Gurkhas are not the only foreigners serving in sensitive institutions like the military or police. Eighteen countries recruit foreign citizens into their armed forces (Pandey, 2016, Storypick.com). For instance, the French Foreign Legion recruits French-speaking nationals from Belgium, Canada, and elsewhere. The US military employs Filipinos. Britain itself employs thousands of Fijians and smaller numbers of other Commonwealth citizens—Nigerians, Ghanaians, Kenyans, Indians, Pakistanis, and more. Other countries recruiting foreigners include India, Australia, Canada, Israel, New Zealand, Spain, Belgium, Denmark, Bahrain, Ireland, Luxembourg, Monaco, Norway, Serbia, and even Vatican City. With globalization, it has become increasingly common for citizens of one country to serve in the armed forces of another.
Whether Britain or France first began recruiting foreign soldiers is debated. In any case, the experiences of Gurkhas in the British Army mirror those of the Senegalese Tirailleurs in the French Army, composed of soldiers from Senegal, Guinea, Mali, Angola, Burkina Faso, Chad, Benin, Ivory Coast, Central Africa, and Togo. On April 15, 2017, French President François Hollande granted citizenship to surviving African veterans who had fought for France decades earlier (Koyu, 2017, qz.com).
Like the Gurkhas’ campaign for equal pay and pensions, the Senegalese Tirailleurs also fought for equality. On November 30, 1944, 1,300 Senegalese mutinied, demanding equal pay. Tragically, instead of granting equality, French forces massacred about 400 unarmed Senegalese soldiers at night inside their barracks. This event became known as the Thiaroye Massacre, 1944, and was later depicted in a film, though banned in both France and Senegal. In 2010, under public pressure, France finally granted full pensions to about 30,000 colonial soldiers. During WWII, 40,000 Africans died fighting for France, yet even as recently as 2006, retired French soldiers received pensions of €790, while their African counterparts received less than €61. Thus, struggles for fair pay, pensions, and equality continue worldwide. The Tirailleurs were formed in 1857 and disbanded in 1964, after 107 years.

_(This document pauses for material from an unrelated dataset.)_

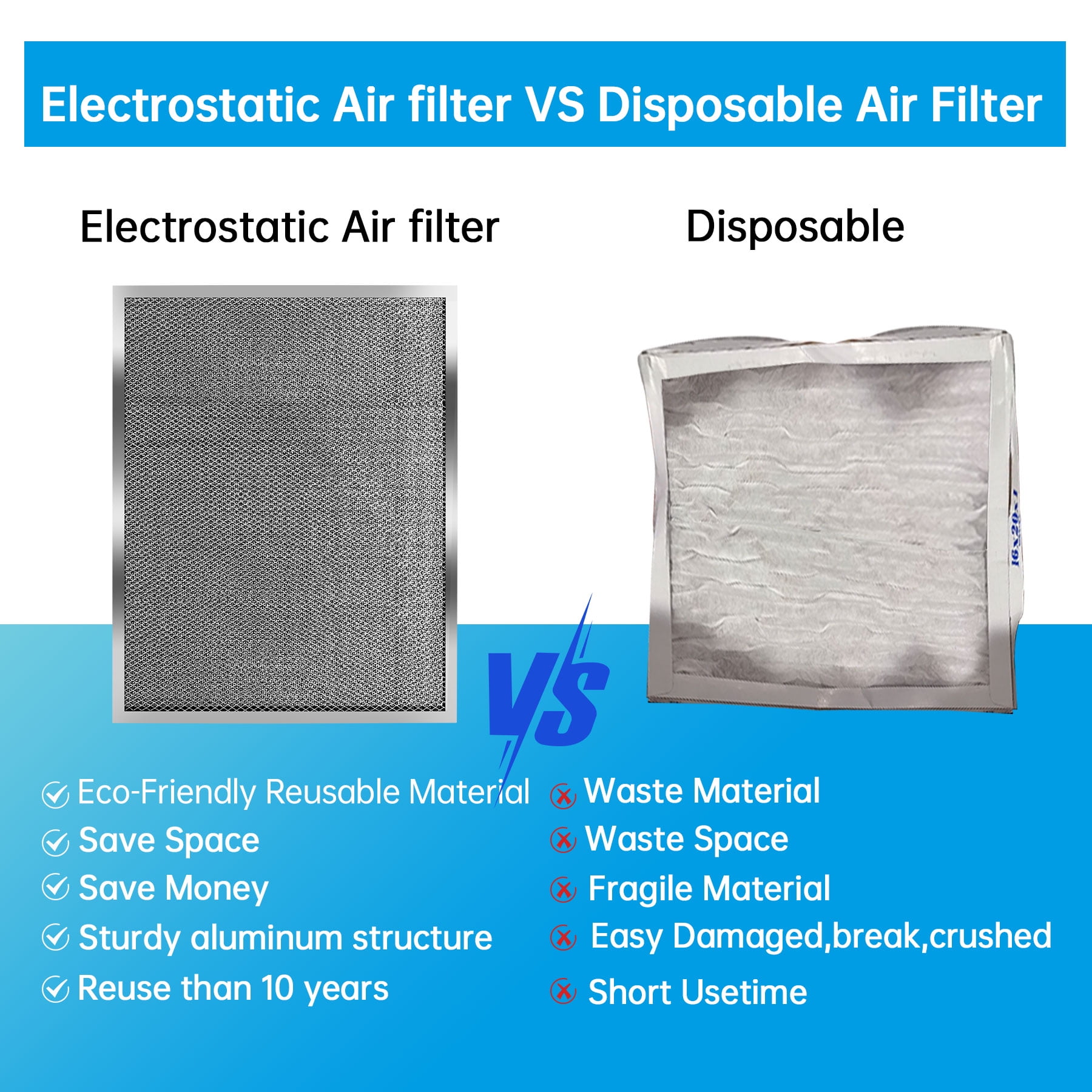 UBeesize Reusable Electrostatic Air Filter Washable The UBeesize Reusable Electrostatic Air Filter is designed to enhance your indoor air quality while being environmentally friendly This innovative air filter captures up to 90% of dust, pollen, pet hair, and other airborne particles, ensuring that the air you breathe is cleaner and healthier Its durable aluminum frame is built to withstand strong winds, making it a long-lasting solution that reduces the need for frequent replacements The washable design allows for easy maintenance; simply clean it with water and detergent every three months, and it’s ready to be reinstalled Compatible with a variety of furnace, HVAC, and AC systems, this filter is easy to install and maintain, providing a versatile solution for your air filtration needs

Nepalis have been going abroad for work for more than two centuries. Nepal was the second-largest labor-exporting country after the Philippines, and now it ranks first. It is the government’s responsibility to monitor where and under what conditions its citizens are working abroad. Some argue that the future of Gurkha recruitment—the very foundation of Nepal’s first diaspora—depends on Brunei. Occasionally, discussions arise about Australia possibly taking over Brunei’s security responsibilities. If that happens, the number of Gurkhas may be reduced, but whether recruitment will completely stop or continue is uncertain. Circumstances will change with time, but the struggles, pains, and voices of Gurkhas will always resonate. Understanding the management of Gurkhas will help in forming future policies and plans. Looking at these facts, it is incomplete to view Britain only as a donor country.
Note: The author holds a Master’s Degree in Political Science from Canterbury Christ Church University, UK, and is also a former Gurkha.